DEFENSE BASE ACT In 1941, by enacting the Defense Base Act, Congress made the Longshore and Harbor Workers’ Compensation Act applicable to various civilian employees injured as a result of employment outside of the continental United States. Employees covered generally include those working on certain military bases and those working for contractors who have contracts with the United States to perform work outside the United States. As a result of the war in Iraq and its aftermath there have been many cases under the Defense Base Act involving employees of contractors injured not only in Iraq itself but in that part of the world.
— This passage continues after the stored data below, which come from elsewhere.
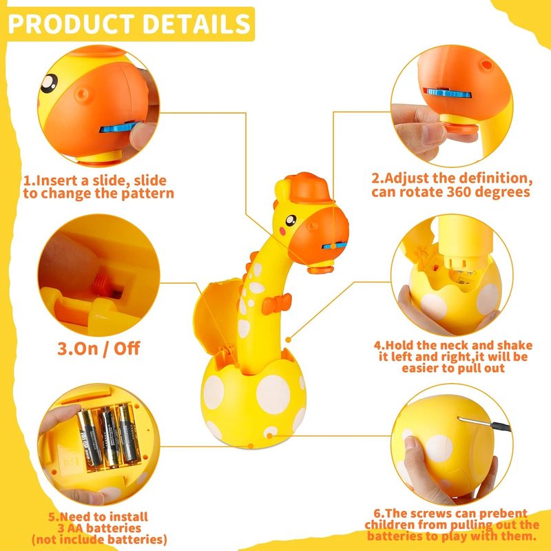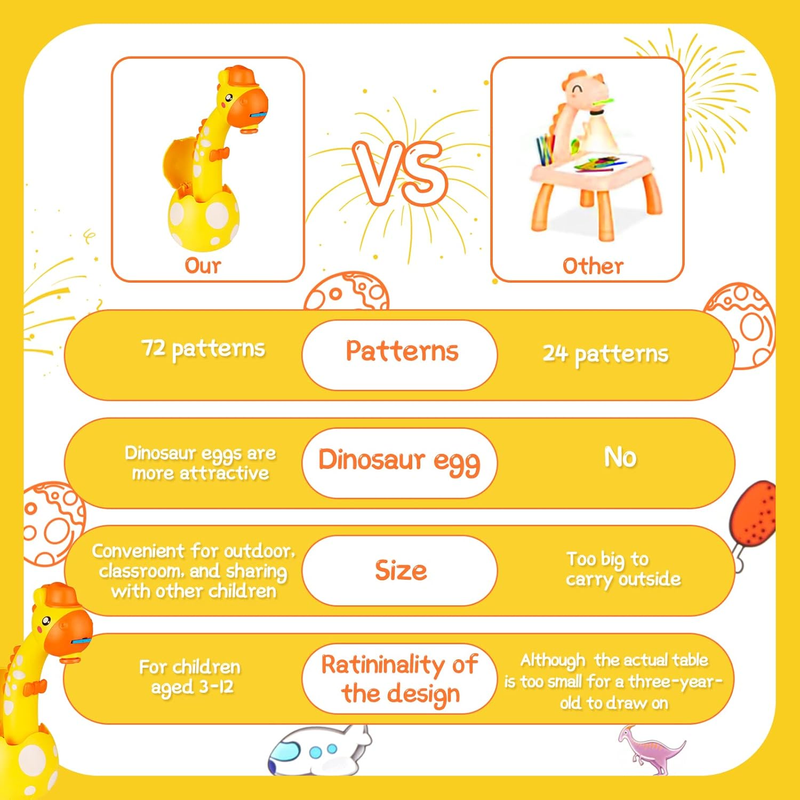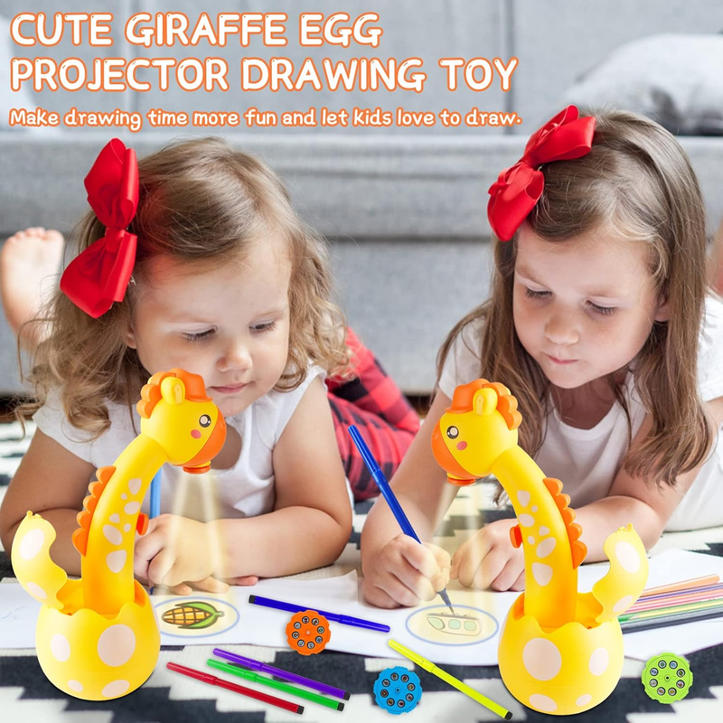 ?Drawing Kit 3-7?This kids drawing projector set contains the drawing machine x 1, the drawing book x 1, the drawing color pens x 12, Projection Slides x 9 and the erasable board x 1. Giraffe cute design makes this toy a nice gift to kids. The toy features the bright colors to be great for drawing.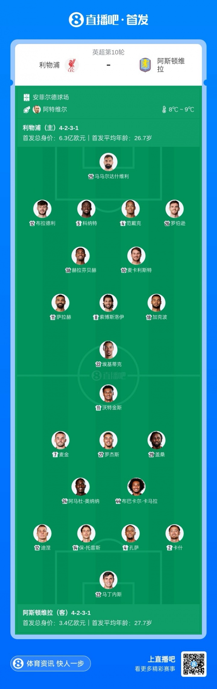 2025-11-02 08:11:33利物浦vs维拉首发:萨拉赫、埃基蒂克、罗杰斯先发,维尔茨替补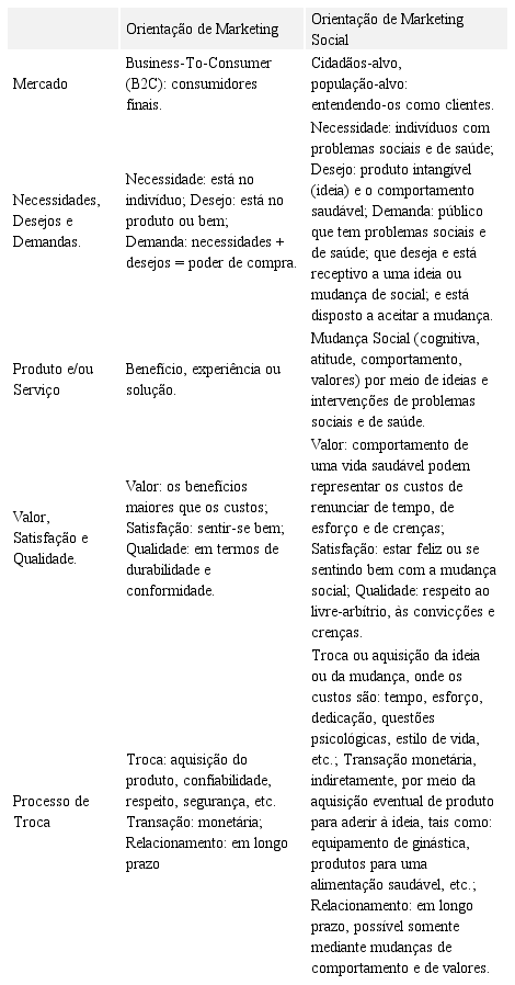 Se o Marketing Social é a aplicação de estratégias e práticas do Marketing Tradicional para o contexto social, então, quais as reais diferenças entre eles? O quadro 3 constrói uma analogia ente o Marketing Tradicional e Social. Em Smith e Strand (2009) é possível observar o estabelecimento de uma visão orientada ao Marketing é baseada em cinco princípios fundamentais: necessidades dos clientes; benefícios ao cliente; proposta de valor; Marketing como filosofia; e compreender que os clientes são diferentes entre si. Kotler e Lee (2008) procuram associar essa orientação à perspectiva do Marketing Social e promovem os seguintes elementos como determinantes: mudança de comportamento é o objetivo; cliente é o foco da mudança; e a criação de trocas atraentes para incentivar o comportamento a custos mínimos. No caso a orientação ao Marketing Social poderá ser necessária quando: novas informações ou determinadas práticas sociais precisam ser disseminadas; se tem em redução do consumo de produtos ou comportamentos perigosos à saúde; e é oportuno ativar uma ideia com a intenção para a ação do indivíduo.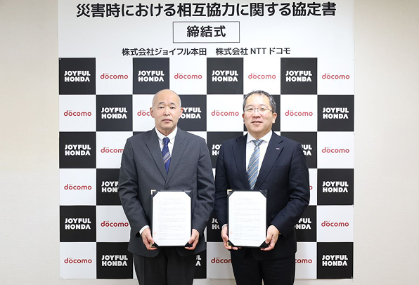 株式会社ジョイフル本田(本社:茨城県土浦市、代表取締役社長:平山 育夫 以下、ジョイフル本田)と、株式会社NTTドコモ(本社:東京都千代田区、代表取締役社長:前田 義晃 以下、ドコモ)は、災害発生時の円滑な相互協力により、被災地および被災地域における復旧活動の最大化を図ることを目的に、「災害時における相互協力に関する協定」を2025年4月11日(金曜)に締結いたしました。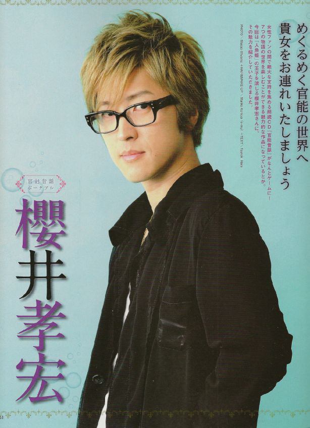 Такахиро - удивительный сэйю, у него особенный тембр, который невозможно не узнать. У него есть особый бархатистый голосовой ход в нижнем регистре, которого я не слышала ни у кого. Такахиро прекрасно озвучивает как наивных мальчиков, так и взрослых бисёнэнов, которые источают ауру крутости и пафосности на километры вокруг. Причем, озвучивает в верхних и нижних регистрах он с легкостью. Для меня роль Аптекаря является самой потрясающей его ролью и готова пересматривать "Мононокэ" снова и снова даже просто ради того, чтобы послушать речь Сакурая. Каждая роль Такахиро хороша по-своему, поэтому я ценю все работы в его исполнении.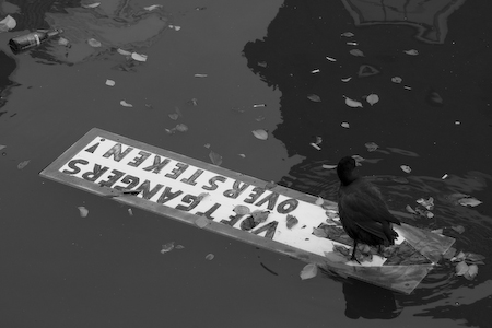 The Duck in the image on the right below is lost in the reflection of the building in the water, while the image on the left, it is clear that the duck and the sign is the subject of the photograph.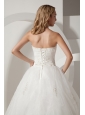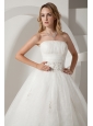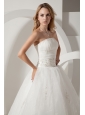 Pretty Ivory Embroidery Wedding Dress Strapless Floor-length Taffeta and Organza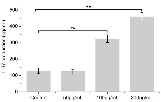 Effect of PNFS on peptide LL-37 production determined using ELISA. ** p < 0.01. PNFS: Panax notoginseng flower saponins.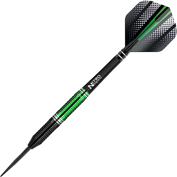 Razor Edge ZX-2 was developed from the best 85% tungsten, which enables a particularly stable and slim handle. The ZX-2 dart features two perfect blade grips on the front and back of the dart, with a subtle ring break in the middle for a perfect grip position. The ZX-2 dart has a perfectly tapered head and a parallel profile that easily outperforms other darts. This almost superheroic look is underlined by the black/green PVD coating.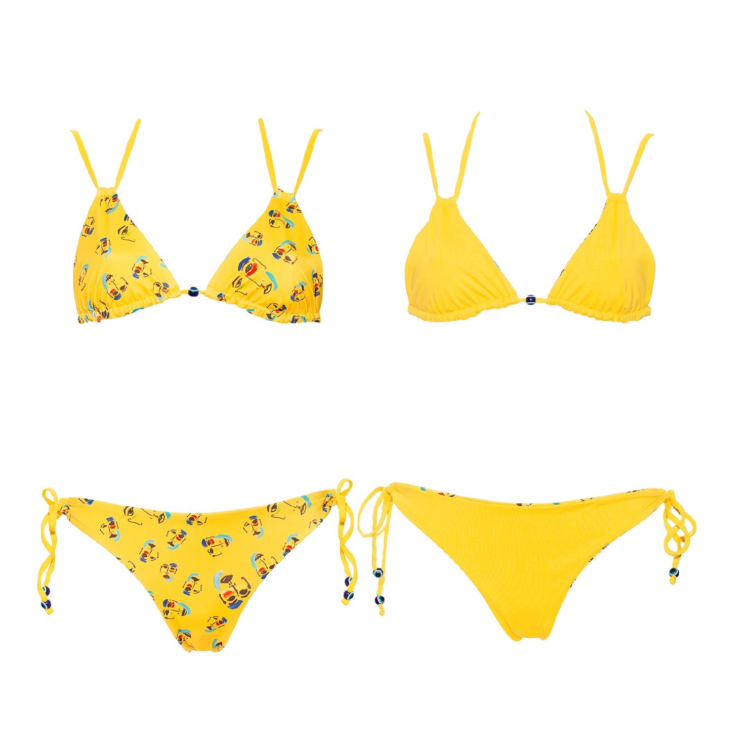 Ce maillot de bain triangle et sa culotte légèrement échancrée tirent leur originalité dans les couleurs pétillantes choisies ainsi que par les perles qui rappellent l’œil qui est souvent dessiné par l’artiste. Le maillot de bain est entièrement réversible, pour choisir le côté imprimé ou uni selon votre préférence, vous permettant d’avoir plusieurs combinaisons possibles avec un seul maillot de bain. Ajustable par les ficelles, il s'ajuste parfaitement pour un confort optimal.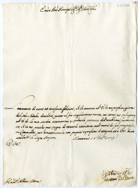 Lettera di Giacomo Baldrati al cardinale Annibale Albani (1729 dicembre 15)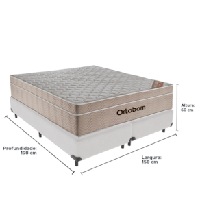 O conforto que sua casa precisa e a qualidade que você merece está na Kazamix!Durma com a Qualidade e Conforto que Você Merece!O Colchão Airtech Molas ensacadas Ortobom é a escolha perfeita para quem busca conforto e suporte. Equipado com um sistema de molas ensacadas, ele oferece suporte individualizado, garantindo o alinhamento correto da coluna e reduzindo os impactos dos movimentos durante o sono. O Euro Pillow proporciona uma camada extra de maciez, garantindo um sono ainda mais revigorante.Seu revestimento em tecido de malha e matelassê, junto com a lateral em suede, proporcionam um visual sofisticado, elevando ainda mais a estética do seu dormitório e agregando elegância ao ambiente.Além disso, o colchão conta com proteção antiácaro e antialérgico, criando um ambiente de sono mais saudável e ideal para quem busca bem-estar. Produzido com materiais de alta qualidade e a confiabilidade da Ortobom, líder em tecnologia e durabilidade, ele é feito para durar, oferecendo anos de conforto e suporte.Modelo: Airtech Molas ensacadasMarca: OrtobomTamanho: QueenDimensões: 158x198X25 (Largura x Comprimento x Altura)Conforto: MacioSistema: Molas EnsacadasPillow: Euro PillowPeso Máximo recomendado: 120 kg (Por pessoa)Proteções: Antiácaro, antialérgico, antifungo, antimofoGarantia: 1 ano pelo FabricanteO conforto que sua casa precisa e a qualidade que você merece está na Kazamix!Eleve o conforto e a sofisticação do seu quarto com a Cama Box!Produzida em madeira de reflorestamento reforçada, a Cama Box combina qualidade, durabilidade e um design elegante, que confere leveza e modernidade ao seu dormitório. Sua estrutura robusta suporta até 150 kg por pessoa, garantindo a sustentação perfeita para o colchão e prolongando a vida útil do produto.Com uma altura ergonômica, ela oferece maior conforto ao deitar e levantar, enquanto o acabamento de alta qualidade se adapta a qualquer estilo de decoração, unindo praticidade e estilo.Não perca tempo! Adquira agora mesmo a sua Cama Box e transforme seu dormitório com conforto e elegância.Marca: KazaMixModelo: BoxCor do Box: BrancoTamanho: QueenDimensões: 158X198X35 (Largura x Comprimento x Altura) Estrutura: MadeiraPeso máximo recomendado: 150 kg (Por Pessoa)Altura do Box: 25 cm Altura dos Pés: 10 cm Altura total: 35 cm Garantia: 03 mesesSelo Ecologicamente CorretoAtenção: Antes de finalizar sua compra, certifique-se de que as dimensões do produto sejam adequadas para serem transportadas pelos elevadores, portas, escadas e corredores de sua residência. Ressaltamos que não nos responsabilizamos pelo transporte do produto por meios específicos, como escadas, guinchos ou içamentos.
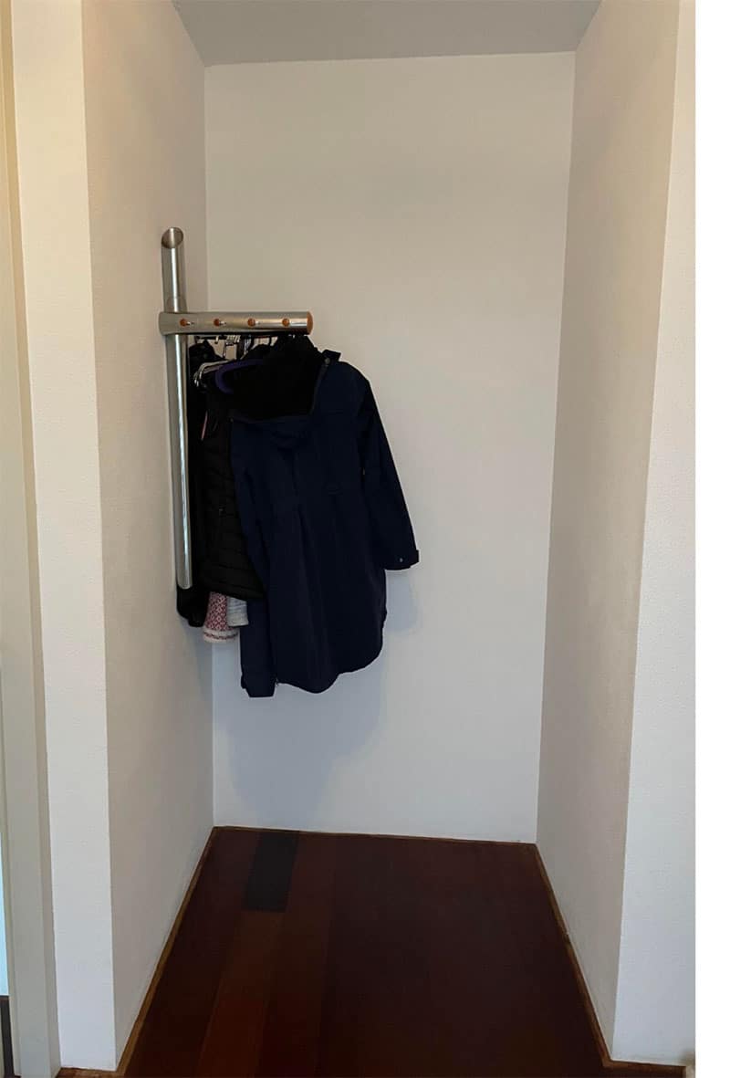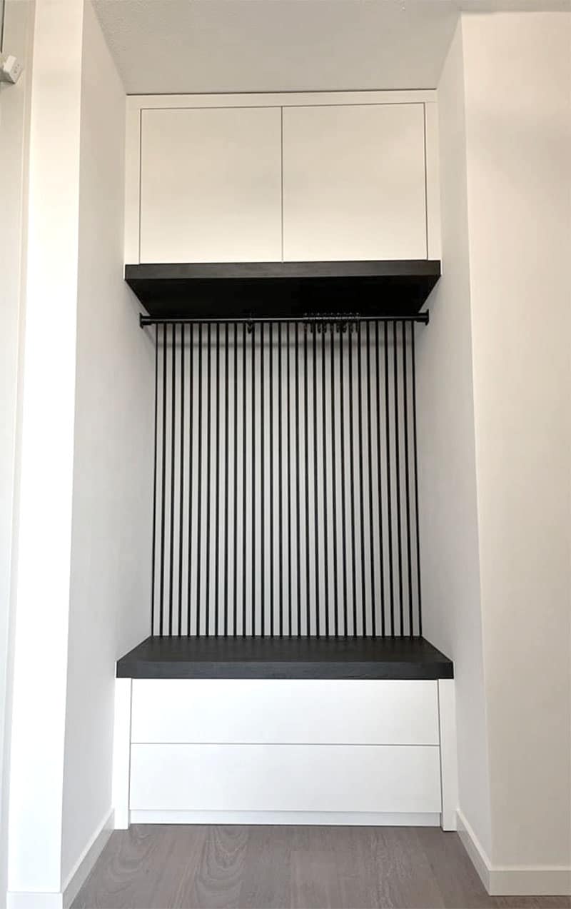 Ik adviseerde haar een kant-en-klare latten wand aan te schaffen bij één van de vele leveranciers via internet. Dit omdat dit gewoon kosten scheelt en in dit ontwerp prima (technisch) kon. Verder adviseerde ik ook om deze latten wand niet over de hele hoogte van de nis, maar alleen in het deel tussen de onder-en bovenkasten van het garderobekast te plaatsen. Hierdoor kan ze deze namelijk ook altijd weer verwijderen, mocht ze bijvoorbeeld deze garderobe nis ooit een andere uitstraling willen geven. Zo kan je garderobekast gemakkelijk aangepast worden aan jouw toekomstige wensen en heb je extra lang plezier van je maatwerk meubel!

NONAPPROPRIATED FUND INTRUMENTALITIES ACT This statute, passed in 1952, made the Longshore and Harbor Workers’ Compensation Act applicable to civilian employees working for such organizations as the Army and Air Force Exchange Service (AAFES), Navy exchanges, Marine exchanges, etc. Coverage includes persons working in or outside the United States, but there are some limitations.
JONES ACT The Longshore and Harbor Workers’ Compensation Act does not apply to the master or member of a crew of any vessel (seamen). Pursuant to the LHWCA an injured employee is entitled to benefits whether the employee is at fault, the employer is at fault, a third person is at fault or no one is at fault. However, even if the employer is at fault, the employee cannot sue his employer. The Jones Act is different: it gives an injured seaman the right to sue his employer and, if successful, to recover not only medical expenses and lost wages, but damages for pain and suffering as well. Damages for pain and suffering are not available under the LHWCA. Seamen can also sue under the theory of “unseaworthiness”, and additionally recover certain benefits under the ancient doctrine of “maintenance and cure”.